DATA SHOWN

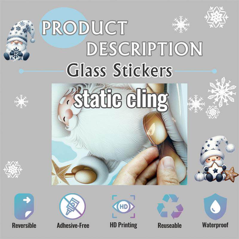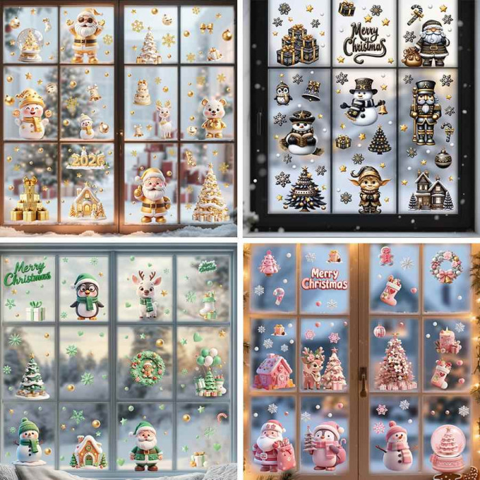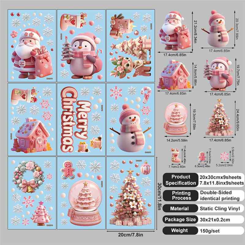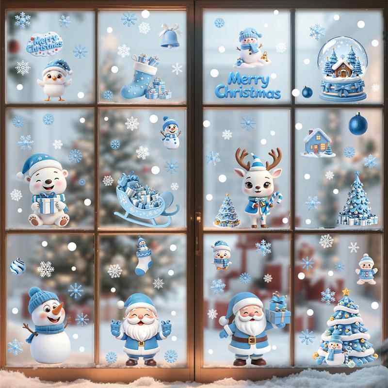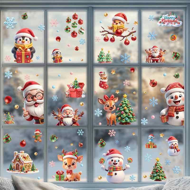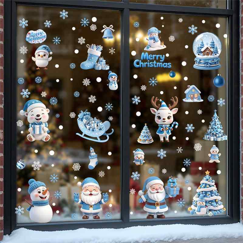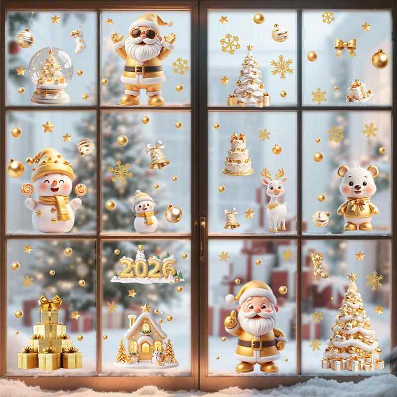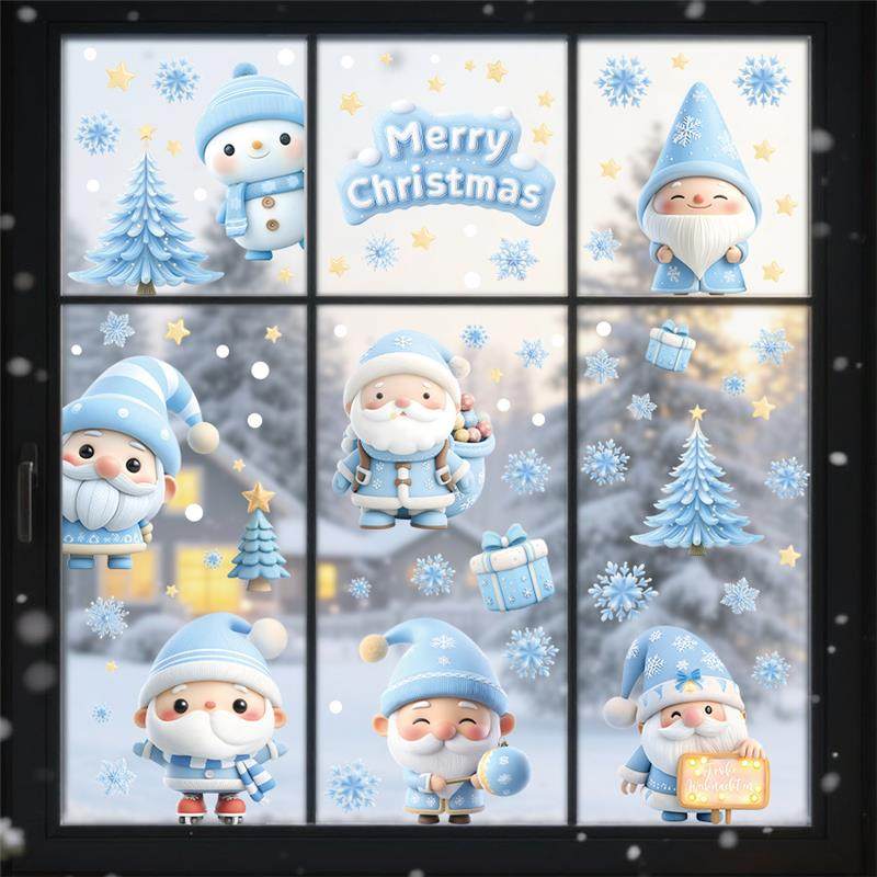 9張/套聖誕節靜電玻璃窗貼2026藍綠紅黑金聖誕老人麋鹿雪人
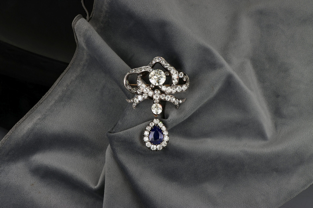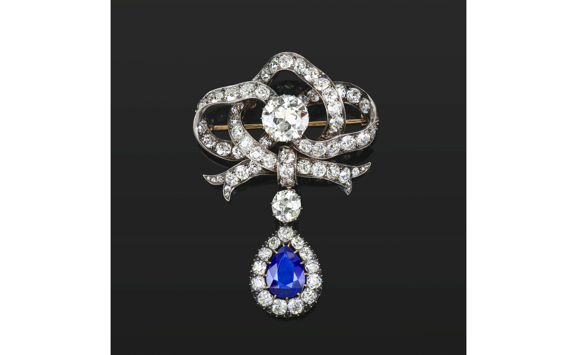 Pendente a goccia sormontata da un diamante di taglio antico di circa 1 80 ct (J/VS2) e importante e raro zaffiro naturale di forma a goccia di 5 18 ct accompagnato da report gemmologico svizzero SSEF attestante l'origine Kashmir e l'assenza di trattamento termico.
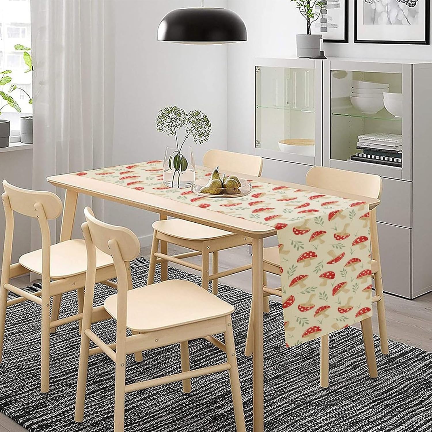 Mushroom Table Runner,Vintage Plant Print Table Runner for Kitchen Dining Table Home Party Decoration 13x120 Inch
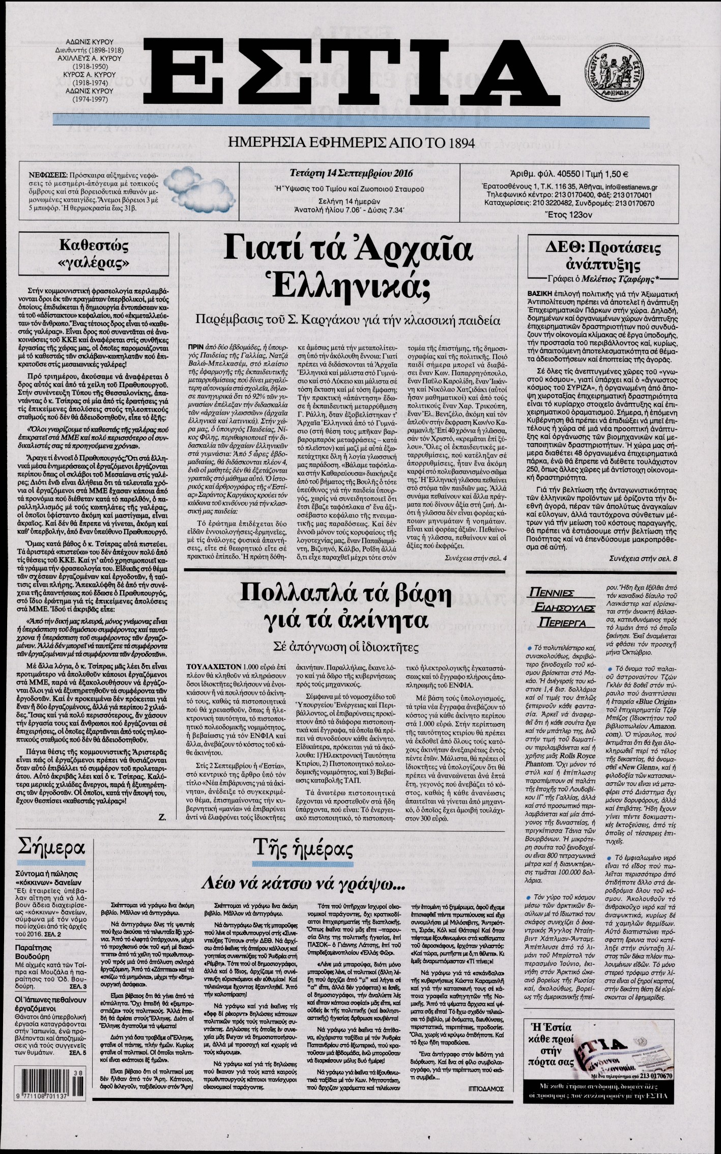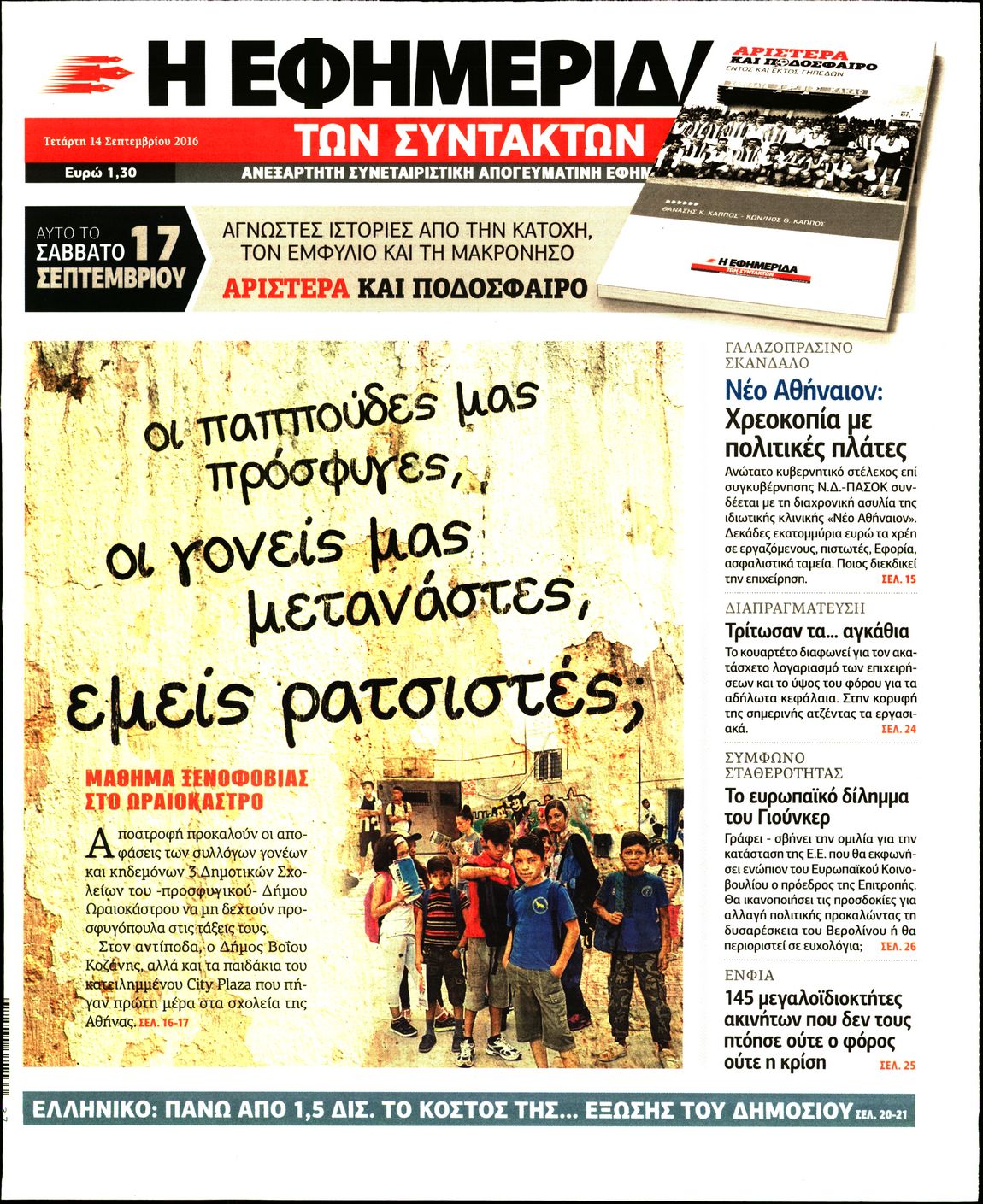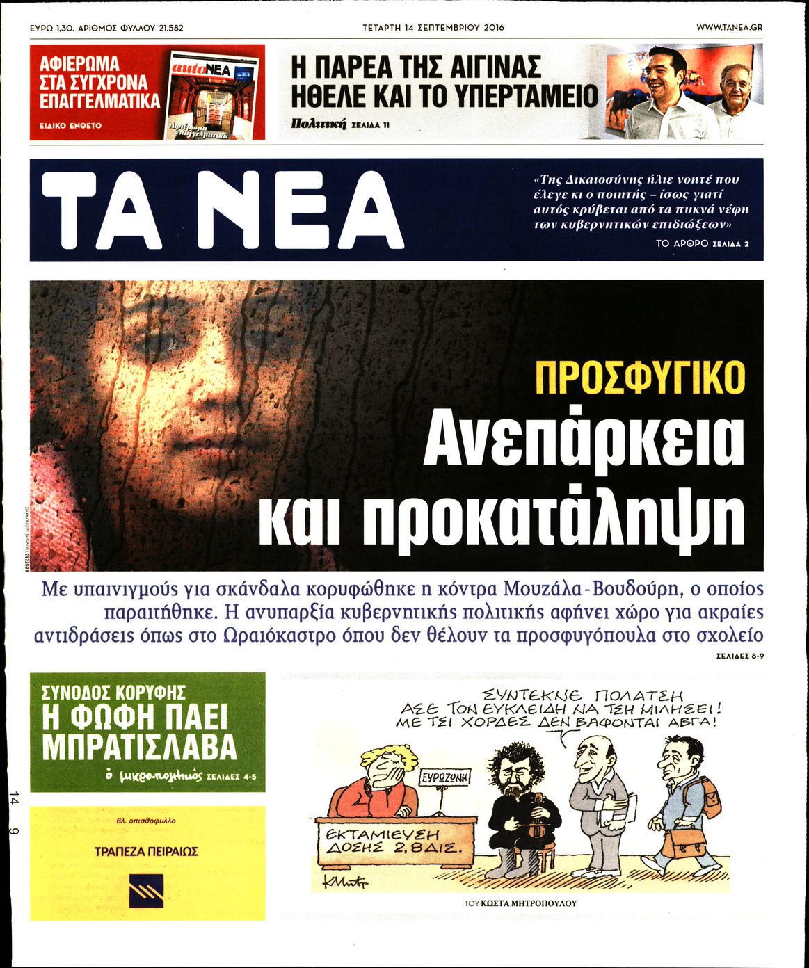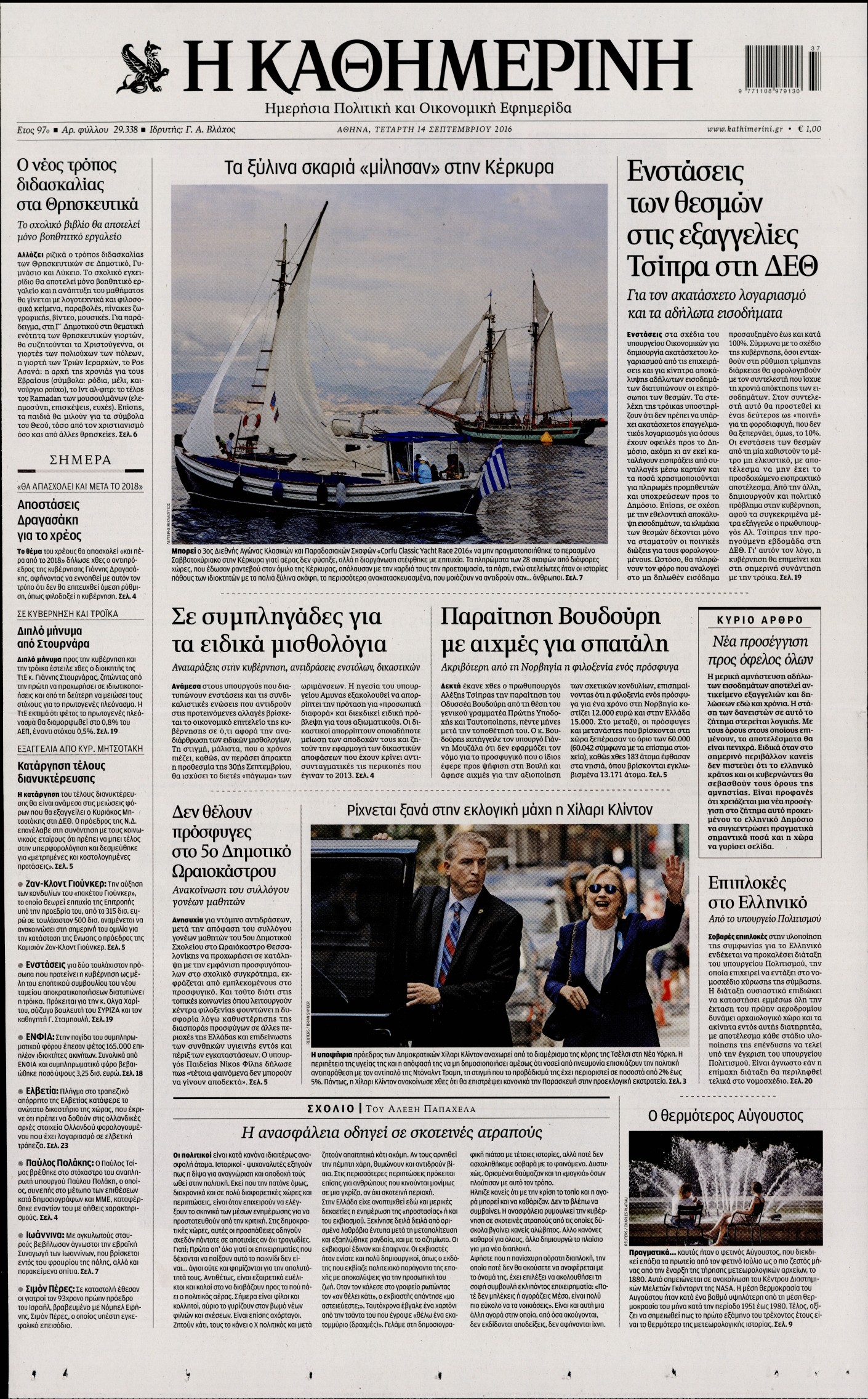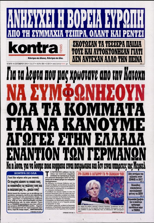 Οι πολιτικές εφημερίδες 14/9/2016 Enikos Newsroom 05:43, Τετάρτη 14 Σεπτεμβρίου 2016 Media Διαβάστε τα σημερινά πρωτοσέλιδα των πολιτικών εφημερίδων: ΠΟΛΙΤΙΚΕΣ ΕΦΗΜΕΡΙΔΕΣ ΠΡΩΤΟΣΕΛΙΔΑ Μοιράσου το: σχολίασε κι εσύ (0 σχόλια) Ακολουθήστε το enikos.gr στο Google News και μάθετε πρώτοι όλες τις ειδήσεις Δείτε όλες τις τελευταίες ειδήσεις από την Ελλάδα και τον Κόσμο στο enikos.gr Ειδήσεις Ροή Ειδήσεων 24 λεπτά πριν Νίκος Παππάς: Το παρασκήνιο της αποπομπής του – Οι μπουνιές, τα μηνύματα μετά την επίθεση και η διαγραφή από τον ΣΥΡΙΖΑ 1 ώρα πριν Φοροδιαφυγή: Ποιοι φορολογούμενοι κινδυνεύουν να πληρώσουν «τσουχτερά» πρόστιμα 51 λεπτά πριν Φοινικούντα: Παραδόθηκε 30χρονος στην Καλαμάτα για τη διπλή δολοφονία 1 ώρα πριν Αγρότες: Ανυποχώρητοι στα μπλόκα – Στις Σέρρες σήμερα η κρίσιμη συνεδρίαση της Πανελλαδικής Επιτροπής 1 ώρα πριν Τα επίσημα χρονοδιαγράμματα που η Τουρκία θα παραλάβει τα Eurofighter 3 ώρες πριν Καούρα: Το μπαχαρικό που είναι «εξίσου αποτελεσματικό» με την ομεπραζόλη, σύμφωνα με ειδικούς 3 ώρες πριν Τα ζώδια σήμερα, Πέμπτη 18 Δεκεμβρίου: Λέοντες, η καρδιά σας θέλει να εκφραστεί 3 ώρες πριν Οπτική ψευδαίσθηση: Μόνο οι πιο έξυπνοι άνθρωποι θα βρουν 7 ξωτικά 15 δευτερόλεπτα 23 ώρες πριν 20 χρόνια τα Χριστούγεννα ξεκινούν στα Public με μεγάλη ποικιλία σε δώρα! 8 λεπτά πριν Μαρία Αλιφέρη: «Καλή σου ξεκούραση ακριβέ μου φίλε και αδελφέ» – Η συγκινητική ανάρτηση για τον Αλμπέρτο Εσκενάζυ 12 λεπτά πριν Οφειλές προς το Δημόσιο: Τι απαντά το υπουργείο στα σενάρια για νέα ρύθμιση 17 λεπτά πριν Συνταγή του Gordon Ramsay για σπιτικές πατάτες φούρνου 22 λεπτά πριν Δώρο Χριστουγέννων: Έως αύριο η καταβολή του – Πώς υπολογίζεται και τι πρέπει να κάνουν οι εργαζόμενοι που δεν θα το λάβουν 24 λεπτά πριν Νίκος Παππάς: Το παρασκήνιο της αποπομπής του – Οι μπουνιές, τα μηνύματα μετά την επίθεση και η διαγραφή από τον ΣΥΡΙΖΑ ENIKOS NETWORK Ουρική αρθρίτιδα: Μεγάλη μελέτη αποκαλύπτει τι μπορεί να προκαλεί τη νόσο Τι σημαίνει όταν ο σκύλος σας σάς φέρνει τυχαία αντικείμενα, σύμφωνα με εκπαιδεύτρια Οφειλές προς το Δημόσιο: «Φρένο» στα σενάρια για νέα ρύθμιση – Τι απαντά το υπουργείο Εθνικής Οικονομίας και Οικονομικών Φοροδιαφυγή: Ποιοι φορολογούμενοι κινδυνεύουν να πληρώσουν «τσουχτερά» πρόστιμα Χαρτογραφώντας το «σημείο χωρίς επιστροφή»: Για πρώτη φορά αποκαλύπτεται με λεπτομέρεια το ακανθώδες όριο της ατμόσφαιρας τ... Η Google καταργεί τη λειτουργία «dark web report» – Πώς θα μπορούν οι χρήστες να διαγράφουν τα δεδομένα τους περισσότερα 08:00 , Πέμπτη 18 Δεκεμβρίου 2025 Την Κυριακή με τη Realnews: Δωροεπιταγή 10€ Δωροεπιταγή αξίας 10€ για αγορές άνω των 60€ από τα πολυκαταστήματα FactoryOutlet H προσφορά ι... 07:50 , Πέμπτη 18 Δεκεμβρίου 2025 «Το σόι σου»: Backstage στα γυρίσματα για το εορταστικό επεισόδιο «Το σόι σου» φορά τα γιορτινά του για τα Χριστούγεννα και η Όλγα Λαφαζάνη, με την κάμερα του «... 07:36 , Πέμπτη 18 Δεκεμβρίου 2025 Οι αθλητικές μεταδόσεις 18/12/2025 – Πού θα δείτε τον αγώνα της ΑΕΚ με την Κραϊόβα για το Conference League Τα ματς ΑΕΚ – Ουνιβερσιτάτεα Κραϊόβα για το Conference League και Παναθηναϊκός – Χάποελ Τελ Αβ... 05:48 , Πέμπτη 18 Δεκεμβρίου 2025 Οι οικονομικές εφημερίδες 18/12/2025 Διαβάστε τα πρωτοσέλιδα από τις οικονομικές εφημερίδες, σήμερα 18/12/2025. ΤΕΛΕΥΤΑΙΕΣ ΕΙΔΗΣΕΙΣ 8 λεπτά πριν Μαρία Αλιφέρη: «Καλή σου ξεκούραση ακριβέ μου φίλε και... 12 λεπτά πριν Οφειλές προς το Δημόσιο: Τι απαντά το υπουργείο στα... 17 λεπτά πριν Συνταγή του Gordon Ramsay για σπιτικές πατάτες φούρνου

WHAT THE TASK ASKS
Look above for the line containing "Pendente a goccia" and the line containing "Mushroom Table Runner,Vintage", then reproduce both and everything between them exactly, pictures omitted.

EXPECTED ANSWER
 Pendente a goccia sormontata da un diamante di taglio antico di circa 1 80 ct (J/VS2) e importante e raro zaffiro naturale di forma a goccia di 5 18 ct accompagnato da report gemmologico svizzero SSEF attestante l'origine Kashmir e l'assenza di trattamento termico.
 Mushroom Table Runner,Vintage Plant Print Table Runner for Kitchen Dining Table Home Party Decoration 13x120 Inch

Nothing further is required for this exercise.